• _Your assignment_: From the records below, please print only the lines from the one containing "A po velké přestávce" through the one containing "L'ADN visuel du", both included. Skip the pictures.

Stored entries

_ _ _

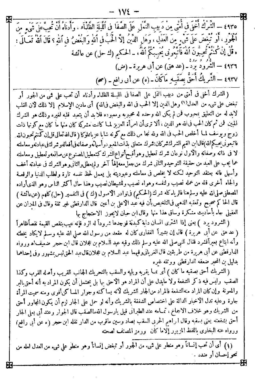 -[174]- 4935 - (الشرك أخفى في أمتي من دبيب النمل على الصفا في الليلة الظلماء وأدناه أن تحب على شيء من الجور أو تبغض على شيء من العدل (1) وهل الدين إلا الحب في الله والبغض في الله) أي ما دين الإسلام إلا ذلك لأن القلب لا بد له من التعليق بمحبوب فمن لم يكن الله وحده له محبوبه ومعبوده فلا بد أن يتعبد قلبه لغيره وذلك هو الشرك المبين فمن ثم كان الحب في الله هو الدين ألا ترى أن امرأة العزيز لما كانت مشركة كان منها ما كان مع كونها ذات زوج ويوسف لما أخلص الحب في الله ولله نجا من ذلك مع كونه شابا عزبا مملوكا (قال الله تعالى {قل إن كنتم تحبون الله فاتبعوني يحببكم الله} ) قال ابن القيم: الشرك شركان: شرك متعلق بذات المعبود وأسمائه وصفاته في أفعاله وشرك في عبادته ومعاملته لا في ذاته وصفاته والأول نوعان شرك تعطيل وهو أقبح أنواع الشرك كتعطيل المصنوع عن صانعه وتعطيل معاملته عما يجب على العبد من حقيقة التوحيد والثاني شرك من جعل معه إلها آخر ولم يعطل والثاني وهو الشرك في عبادته أخف وأسهل فإنه يعتقد التوحيد لكنه لا يخلص في معاملته وعبوديته بل يعمل لحظ نفسه تارة ولطلب الدنيا والرفعة والجاه أخرى فلله من عمله نصيب ولنفسه وهواه نصيب وللشيطان نصيب وهذا حال أكثر الناس وهو الذي أراده المصطفى صلى الله عليه وسلم هنا فالرياء كله شرك
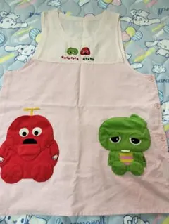 フェルト部分は少し毛玉になっていたり、プリント部分が薄くなっていたりします。ピンクの方のエプロンは蛍光ペンの跡がついてしまっていますが、着てみるとあまり目立ちません。
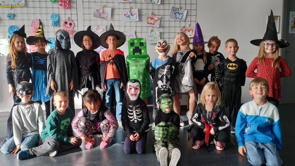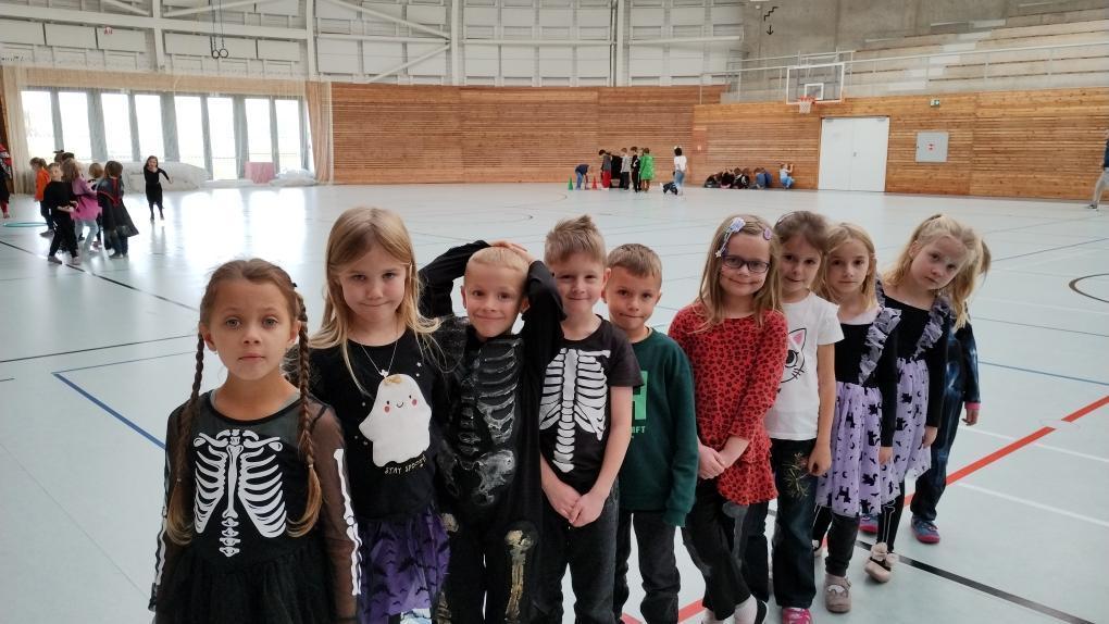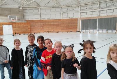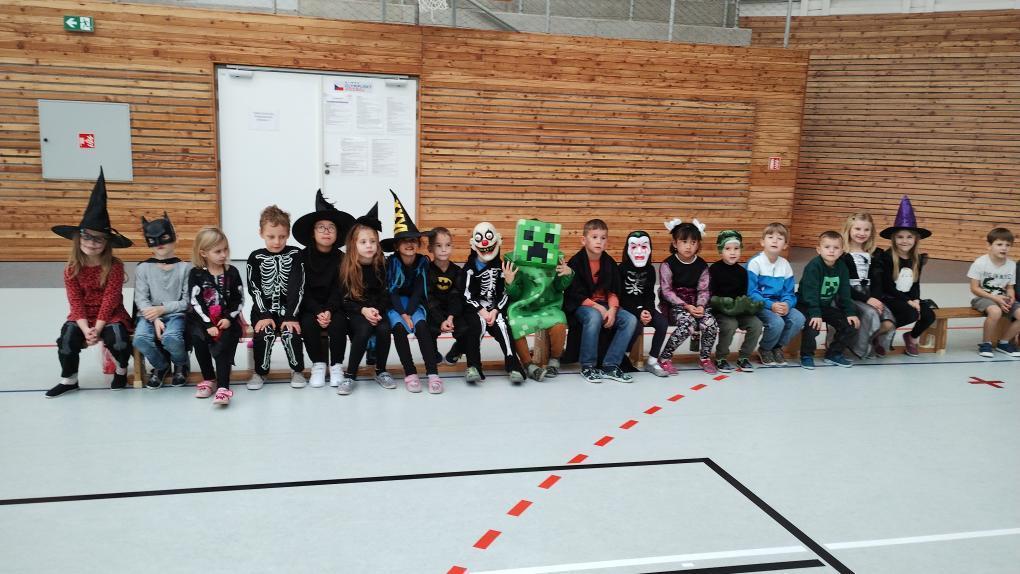 A po velké přestávce to začalo! Odešli jsme do tělocvičny, kde už čekali ostatní prvňáci. Nastaly dvě hodiny zábavy. Plnili jsme strašidelné disciplíny, házeli koulemi z papíru do obrovské dýně, prolézali jedovatou pavučinou a skládali hlavolamy. Ty byly asi nejtěžší. Nakonec nás pochválili a dostali jsme dárečky, které pro nás připravila paní učitelka Bára z 1. A.
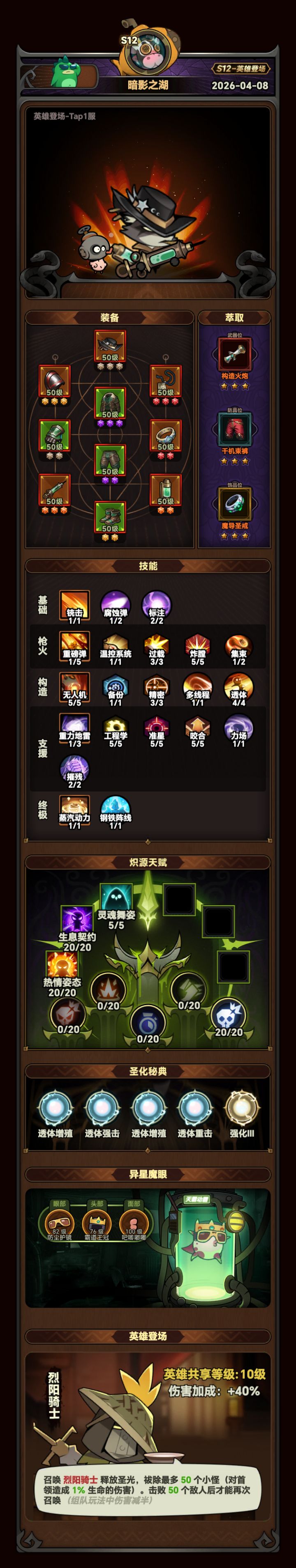 首先重做一套精准猎杀的提升远比想象中大,高层足球的精英怪非常肉,所以打精英主要靠爆炸魔眼、英雄技能和火球的伤害,精准猎杀可以更快清理小怪打出爆炸魔眼的伤害,并且减小进度压力。技能方面,屏障就不要带了,重力地雷的持续聚怪可以让元素三层增伤更容易叠满,还能让爆炸头和无人机的群体伤害打中所有怪,比屏障的增伤更有用。假如你能够不放英雄技能不踢球打到第13波那么这关就大概率能过。大体节奏是13波英雄技能
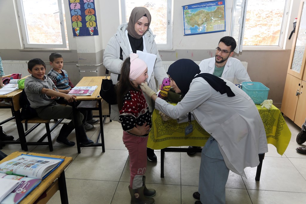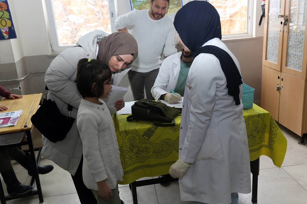Öğrencilere yapılan muayeneler kapsamında genel sağlık değerlendirmesi, büyüme-gelişme takibi ile hijyen alışkanlıkları ve sağlıklı yaşam konusunda bilgilendirmeler yapıldı. Ayrıca, diş sağlığı kontrolleri yapılarak temel ağız-diş sağlığı eğitimi verildi.
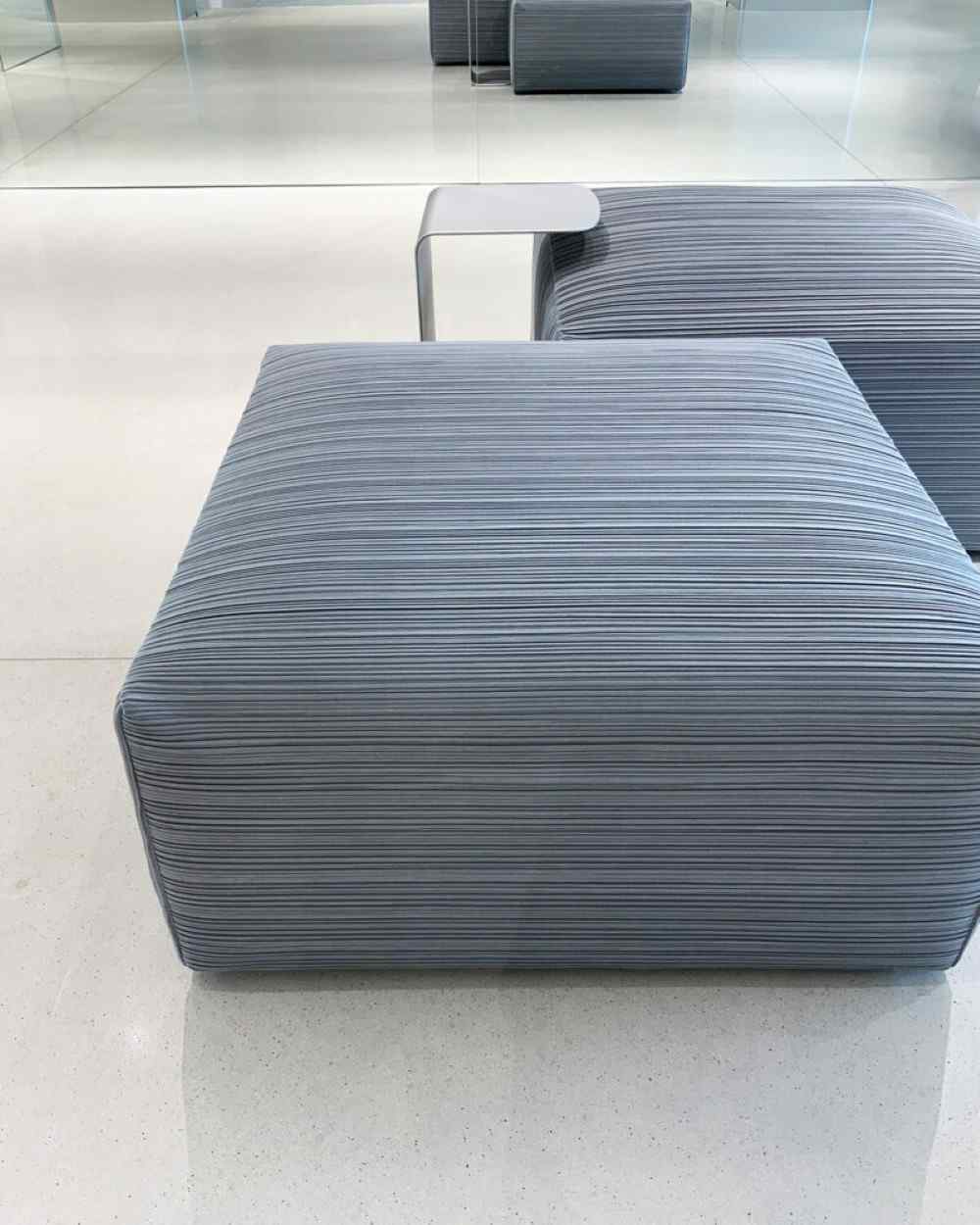 L'ADN visuel du projet, structuré et léger, se décline dans les moindres détails. On le retrouve ainsi dans le « Pleats Sofa » (Canapé Plissé), qui fait écho aux vêtements qu'il accompagne.
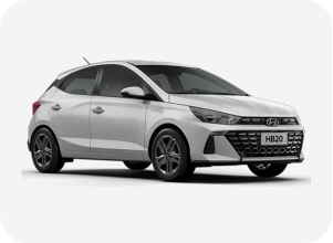 O Hyundai HB20 Hatch é um carro compacto moderno e econômico, com 3,94m de comprimento e 300L de porta-malas. Destaca-se pelo motor 1.0 Flex (80 cv) ou 1.0 Turbo GDI (120 cv), câmbio manual ou automático, e itens de segurança como 6 airbags, controle de estabilidade (ESP) e frenagem automática nas versões superiores.
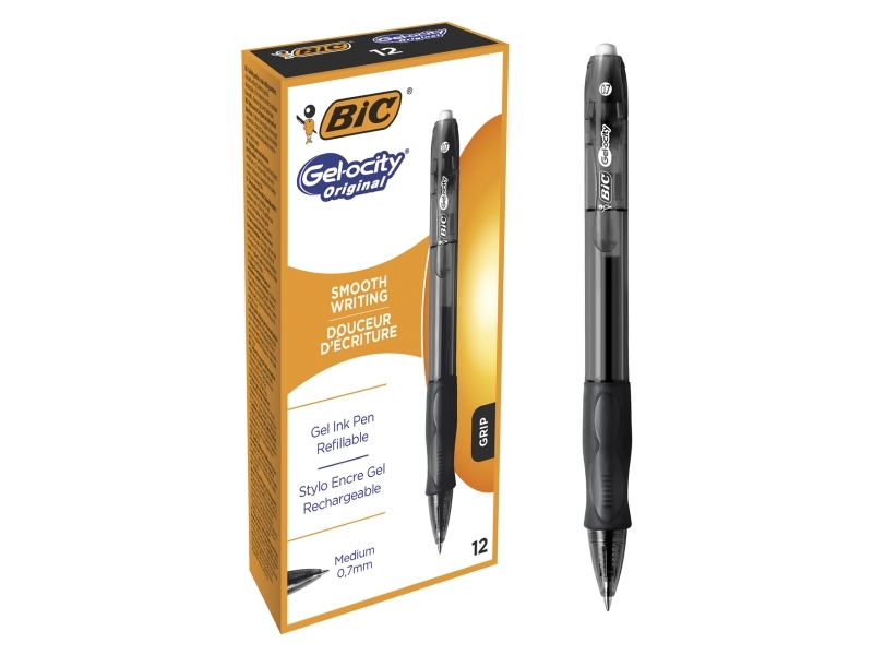 Bic Velocity - Rollerball-Penna - Svart - Gelbläck - 0.7 Mm - Medel - Indragbar (Paket Om 12)
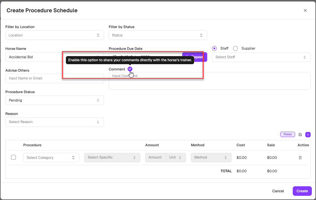 When this permission is enabled, the “Enable this option to share your comments directly with the horse's trainer.” checkbox will appear nearby Comment field in the Procedure create/edit form for that portal.
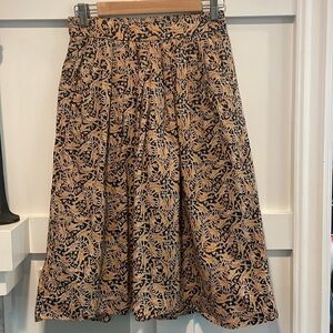 Located on Haberdasher Street in London, Drake's has been handcrafting scarves and ties since 1977. This skirt has a flattering silhouette and an easy elastic waist. Cotton. Elastic waistband. Pockets Pleating Falls below the knee. Excellent condition size 0 but runs generous. I am a Medium usually. I also have matching top available.
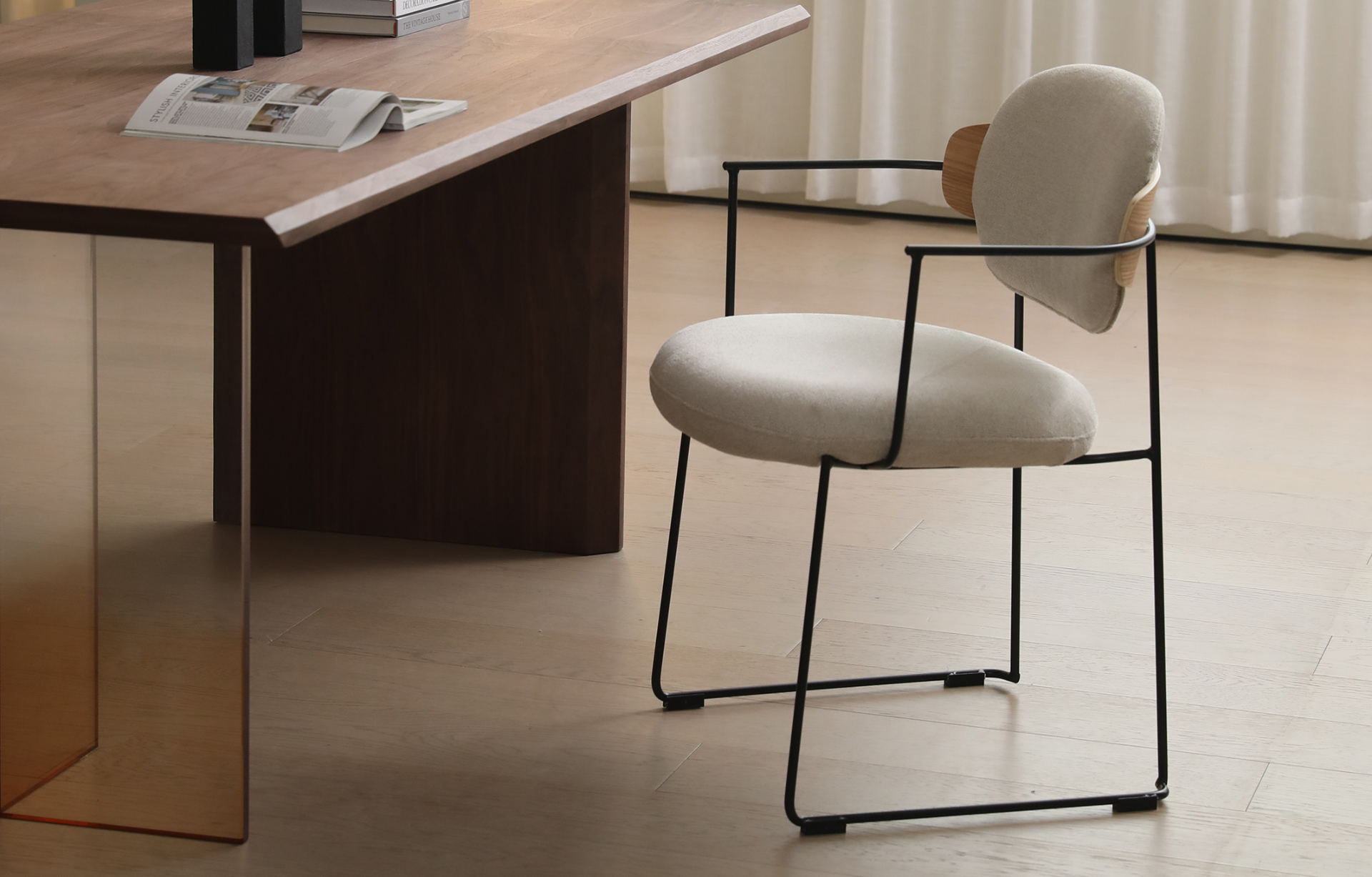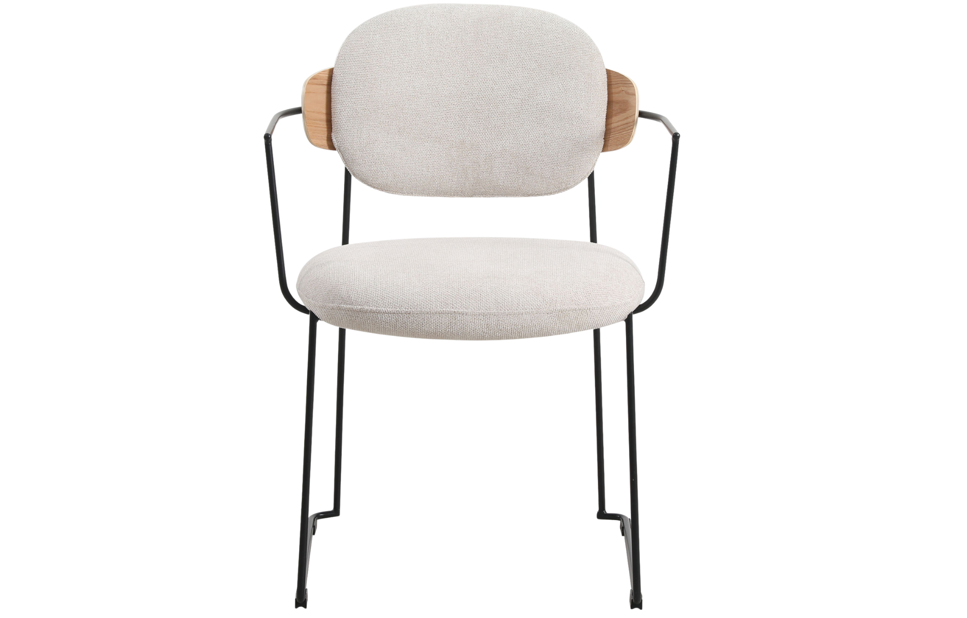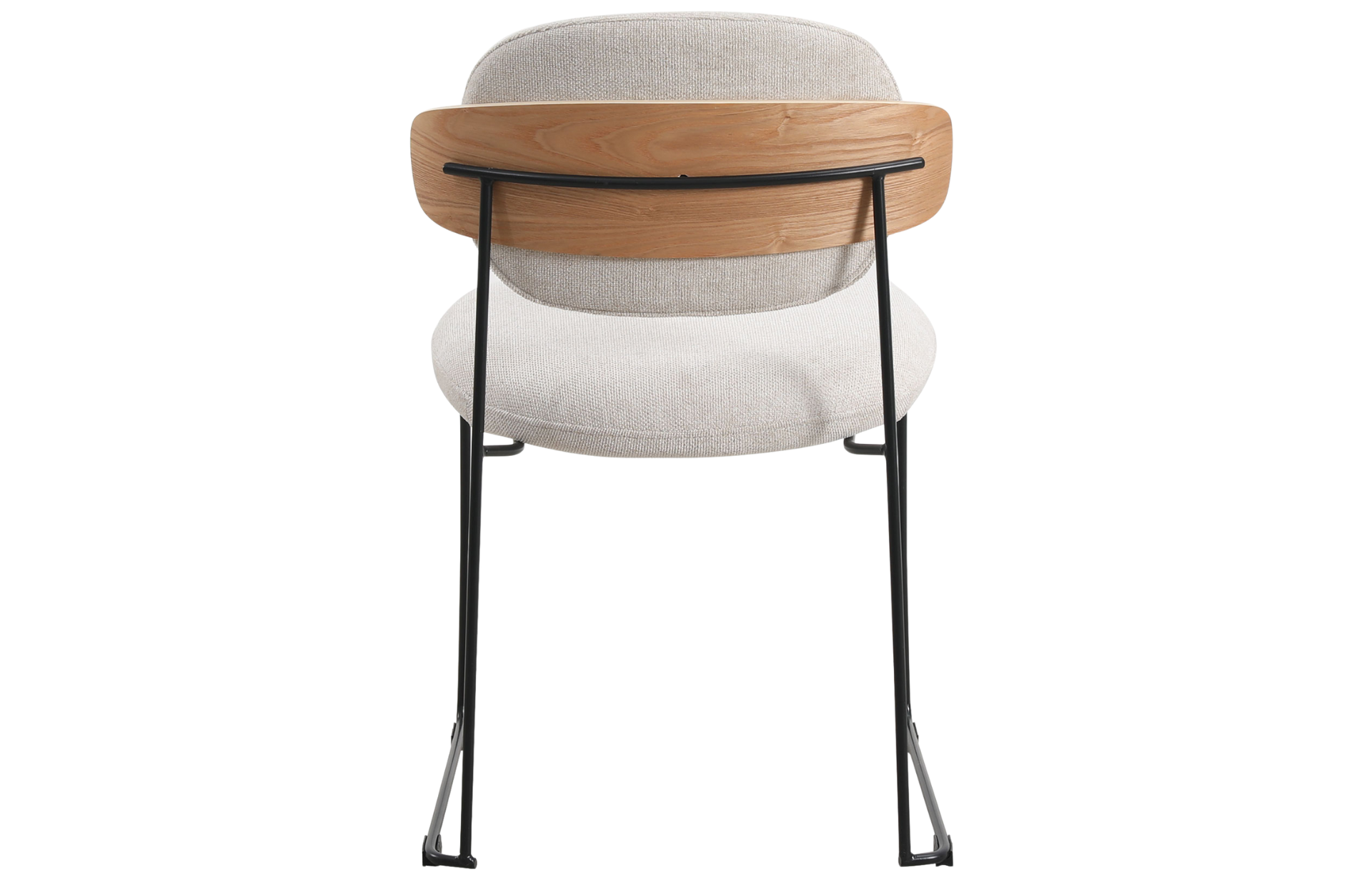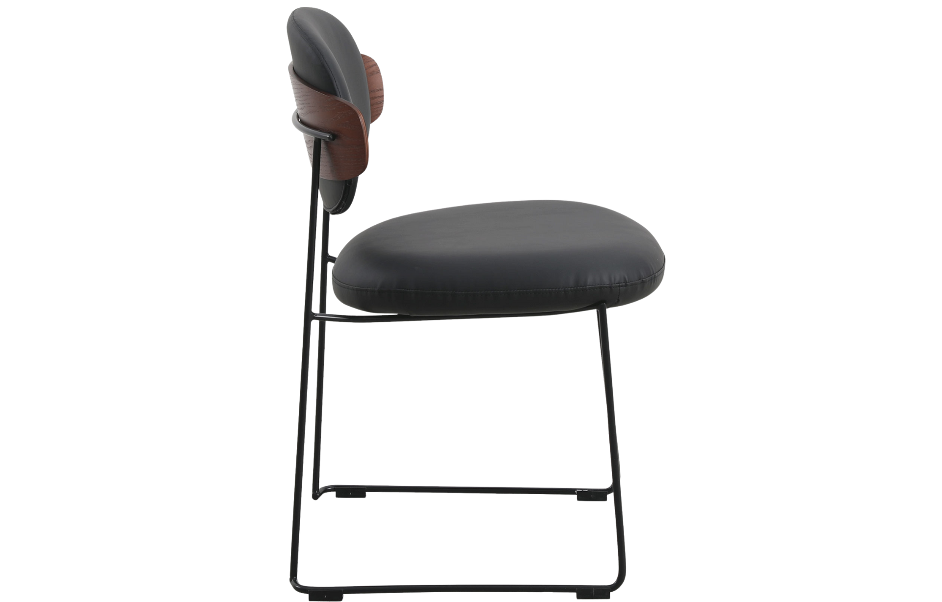 Cadeira Downtown, estofada em poliuretano ou tecido com detalhe de madeira multilaminada no encosto. Base em aço pintado à pó.

_ _ _

• _Response to the exercise_:
 A po velké přestávce to začalo! Odešli jsme do tělocvičny, kde už čekali ostatní prvňáci. Nastaly dvě hodiny zábavy. Plnili jsme strašidelné disciplíny, házeli koulemi z papíru do obrovské dýně, prolézali jedovatou pavučinou a skládali hlavolamy. Ty byly asi nejtěžší. Nakonec nás pochválili a dostali jsme dárečky, které pro nás připravila paní učitelka Bára z 1. A.
 首先重做一套精准猎杀的提升远比想象中大,高层足球的精英怪非常肉,所以打精英主要靠爆炸魔眼、英雄技能和火球的伤害,精准猎杀可以更快清理小怪打出爆炸魔眼的伤害,并且减小进度压力。技能方面,屏障就不要带了,重力地雷的持续聚怪可以让元素三层增伤更容易叠满,还能让爆炸头和无人机的群体伤害打中所有怪,比屏障的增伤更有用。假如你能够不放英雄技能不踢球打到第13波那么这关就大概率能过。大体节奏是13波英雄技能
Öğrencilere yapılan muayeneler kapsamında genel sağlık değerlendirmesi, büyüme-gelişme takibi ile hijyen alışkanlıkları ve sağlıklı yaşam konusunda bilgilendirmeler yapıldı. Ayrıca, diş sağlığı kontrolleri yapılarak temel ağız-diş sağlığı eğitimi verildi.
 L'ADN visuel du projet, structuré et léger, se décline dans les moindres détails. On le retrouve ainsi dans le « Pleats Sofa » (Canapé Plissé), qui fait écho aux vêtements qu'il accompagne.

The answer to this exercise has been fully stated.